= Beginning of Section =

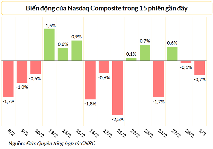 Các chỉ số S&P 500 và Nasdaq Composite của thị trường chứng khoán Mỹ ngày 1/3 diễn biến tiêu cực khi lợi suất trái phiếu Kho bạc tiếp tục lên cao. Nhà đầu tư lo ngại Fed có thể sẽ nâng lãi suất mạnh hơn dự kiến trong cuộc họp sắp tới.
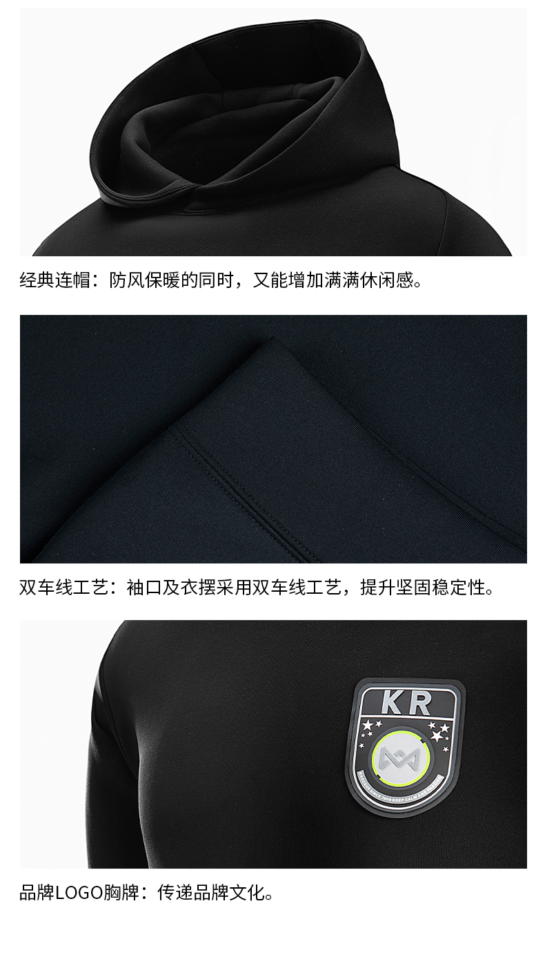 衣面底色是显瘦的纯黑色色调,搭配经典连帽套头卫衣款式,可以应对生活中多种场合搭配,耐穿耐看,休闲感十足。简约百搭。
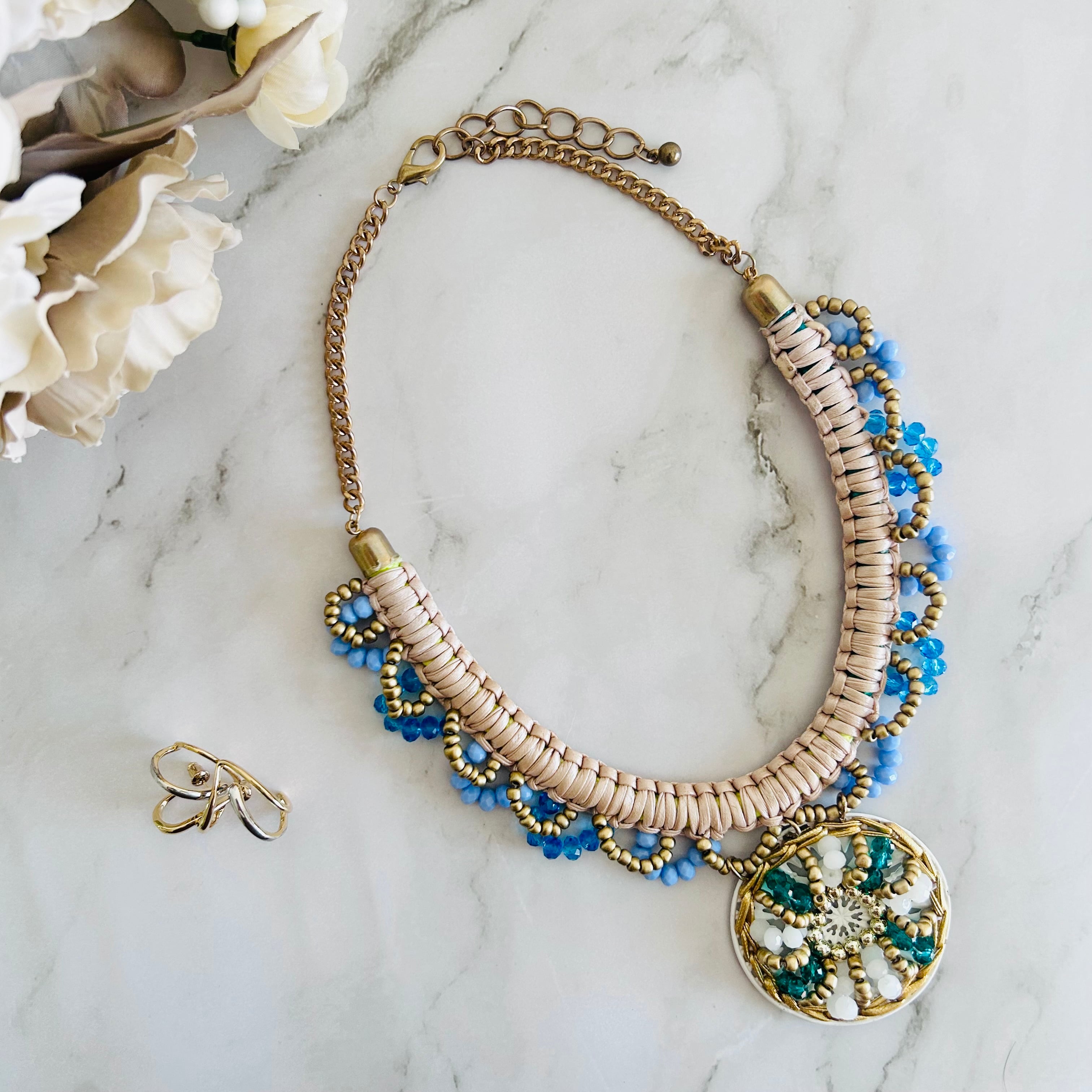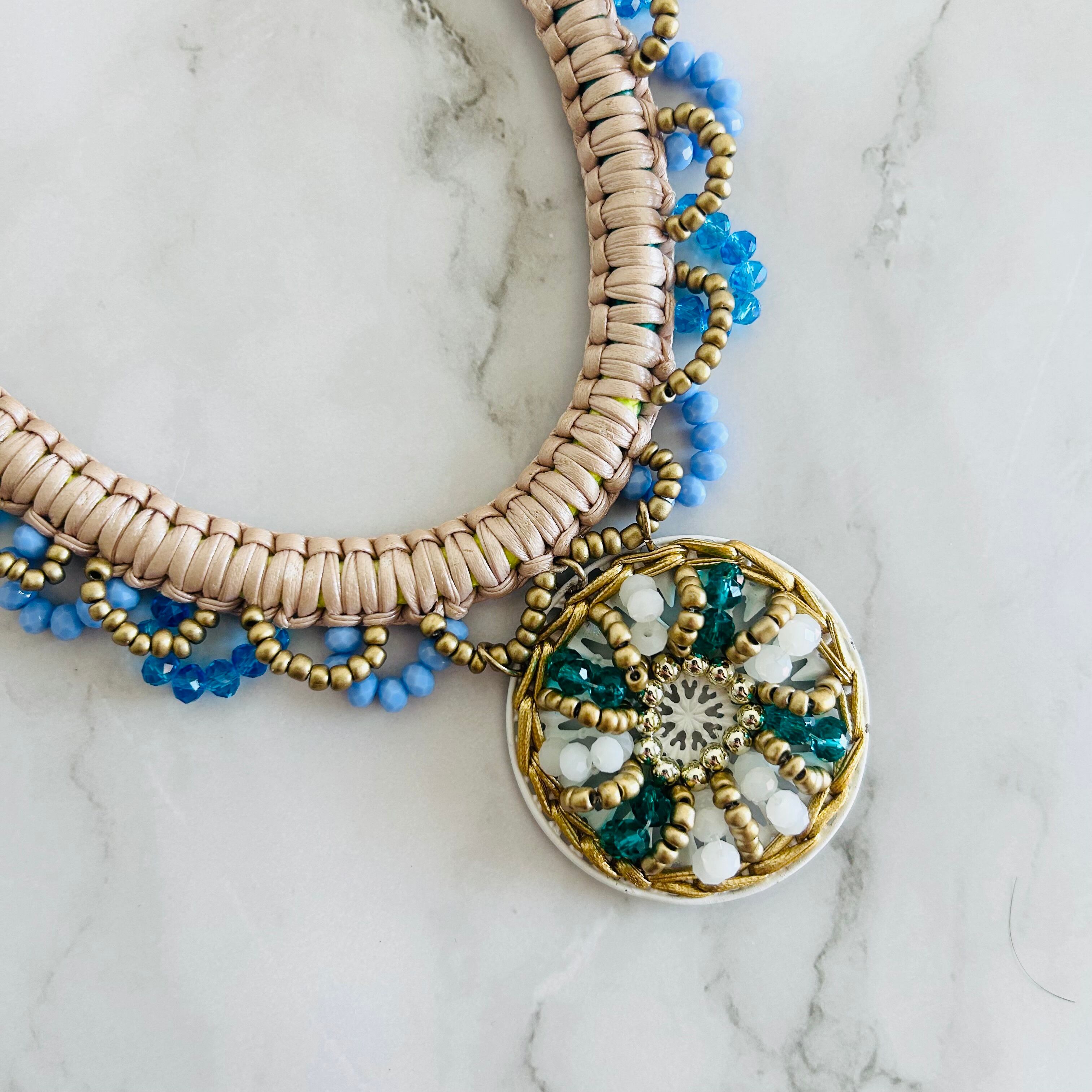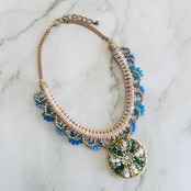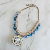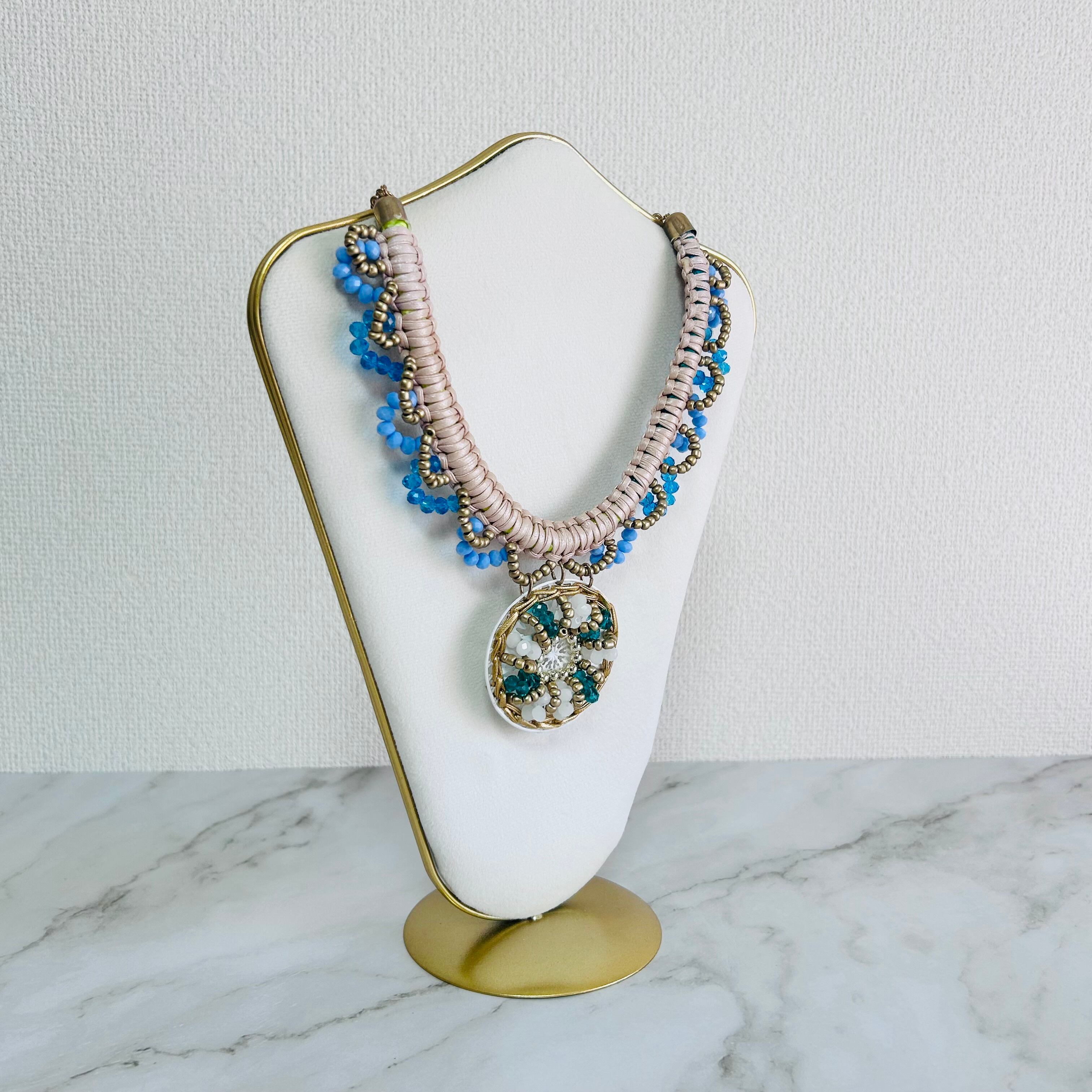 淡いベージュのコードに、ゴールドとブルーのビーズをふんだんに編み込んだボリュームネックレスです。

= End of Section =

WHAT THE EXERCISE ASKS :: Could you restate the material word for word, omitting the pictures?

TASK ANSWER ::
 Các chỉ số S&P 500 và Nasdaq Composite của thị trường chứng khoán Mỹ ngày 1/3 diễn biến tiêu cực khi lợi suất trái phiếu Kho bạc tiếp tục lên cao. Nhà đầu tư lo ngại Fed có thể sẽ nâng lãi suất mạnh hơn dự kiến trong cuộc họp sắp tới.
 衣面底色是显瘦的纯黑色色调,搭配经典连帽套头卫衣款式,可以应对生活中多种场合搭配,耐穿耐看,休闲感十足。简约百搭。
 淡いベージュのコードに、ゴールドとブルーのビーズをふんだんに編み込んだボリュームネックレスです。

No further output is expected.